The reason we hesitated was valuation. We had a tough time believing--and still do--that a bull market was starting with valuations the way that they were--or are. A year ago people said our caution wasn't valid because the only reason the market looked expensive was that earnings were depressed. A year later, after the strongest expansion in profitability, from trough to peak, in the postwar era, the market's P/E is still in the 20s. And now we have the added problem that even the biggest bulls forecast slower growth this year. When profit cycles decelerate, risk aversion tends to increase. Companies cut spending and don't employ tons of people.
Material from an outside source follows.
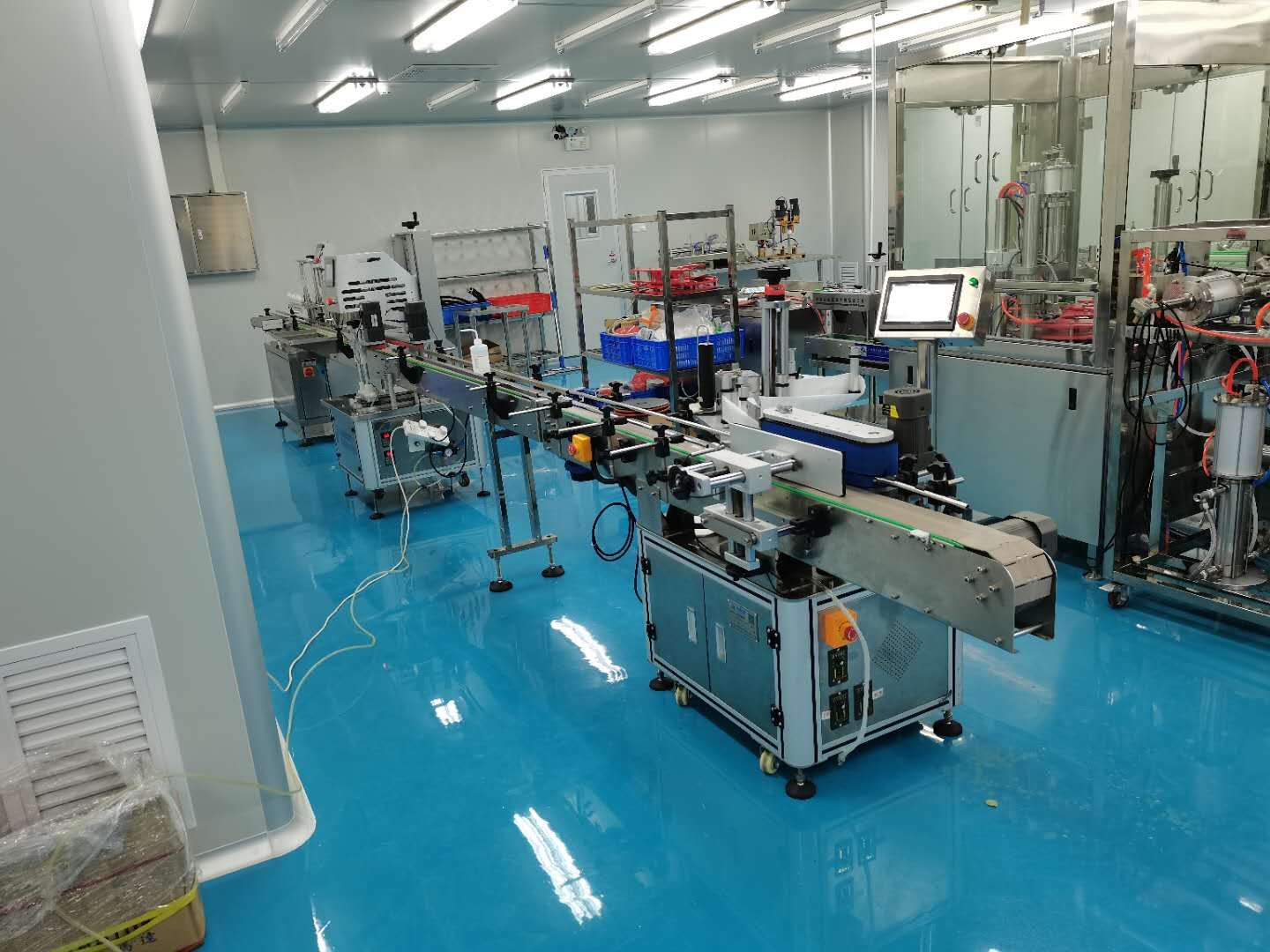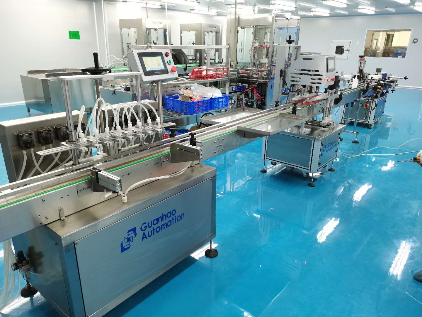 灌裝機(jī),旋蓋機(jī),貼標(biāo)機(jī),已完成生產(chǎn)車間安裝調(diào)試

Q. Nevertheless, are there sectors that will do better than others?
A. It turns out that the most defensive sectors are the ones most underweighted by institutional managers. There's a huge contrarian call, the biggest of which is consumer-staples stocks. The consumer staples on Merrill's Focus One list, which are the ones our analysts think will perform best in the next year, are Coca-Cola (KO) and Procter & Gamble (PG).
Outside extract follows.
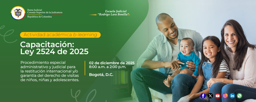 La Escuela Judicial “Rodrigo Lara Bonilla” y el Consejo Superior de la Judicatura convocan al Seminario Regional: “Capacitación en Ley 2524 De 2025 – Procedimiento Especial Administrativo y Judicial para la Restitución Internacional y/o Garantía del Derecho de Visitas de Niños, Niñas Y Adolescentes.”
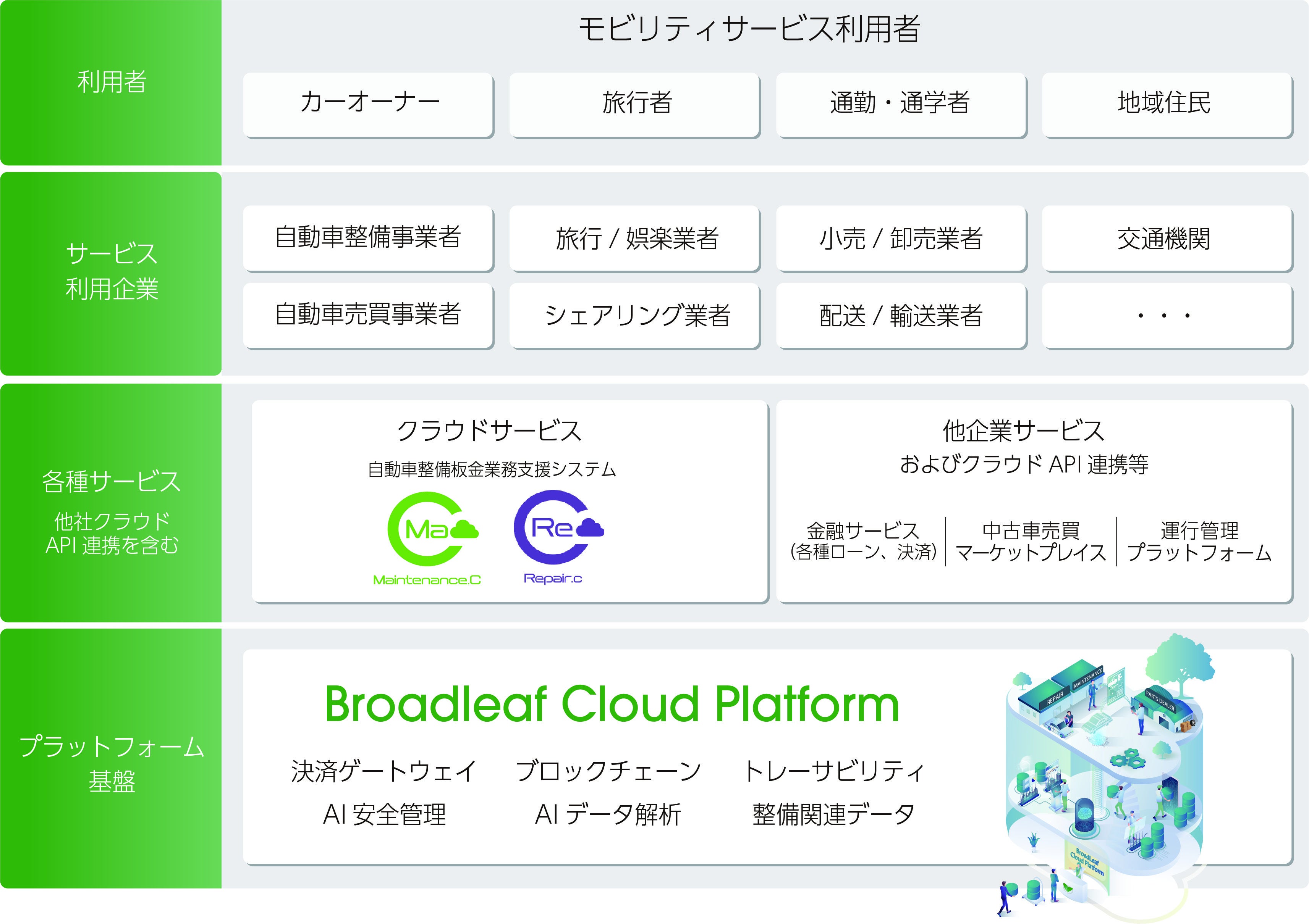 またブロードリーフといたしましては、この度の協業により、「Broadleaf Cloud Platform」上の受発注プラットフォームを活用し、モビリティ産業の事業者へ業務効率化や監査、トレーサビリティの仕組みを提供することによって、これまで以上にカーオーナーのみなさまへ安心・安全の提供を促進する環境整備を目指してまいります。

We also like the big drug companies. It's another situation where you have higher-quality, very undervalued assets. Our analyst likes Abbott Labs (ABT) the best. And energy has all the makings of a long-term growth story--barriers to entry, high cost of capital and rising returns on capital--but it's underweighted by institutions and ignored by individuals. They don't believe prices will stay high. But there's tremendous underinvestment in the sector's capital infrastructure.
Q. Where would you invest?
A. If your time horizon's reasonably short, look at big integrated oils. ConocoPhillips (COP) has huge refining capacity, and there's little of that around. If your horizon's longer, look at riskier exploration and production companies such as Nabors Industries (NBR). --S.G.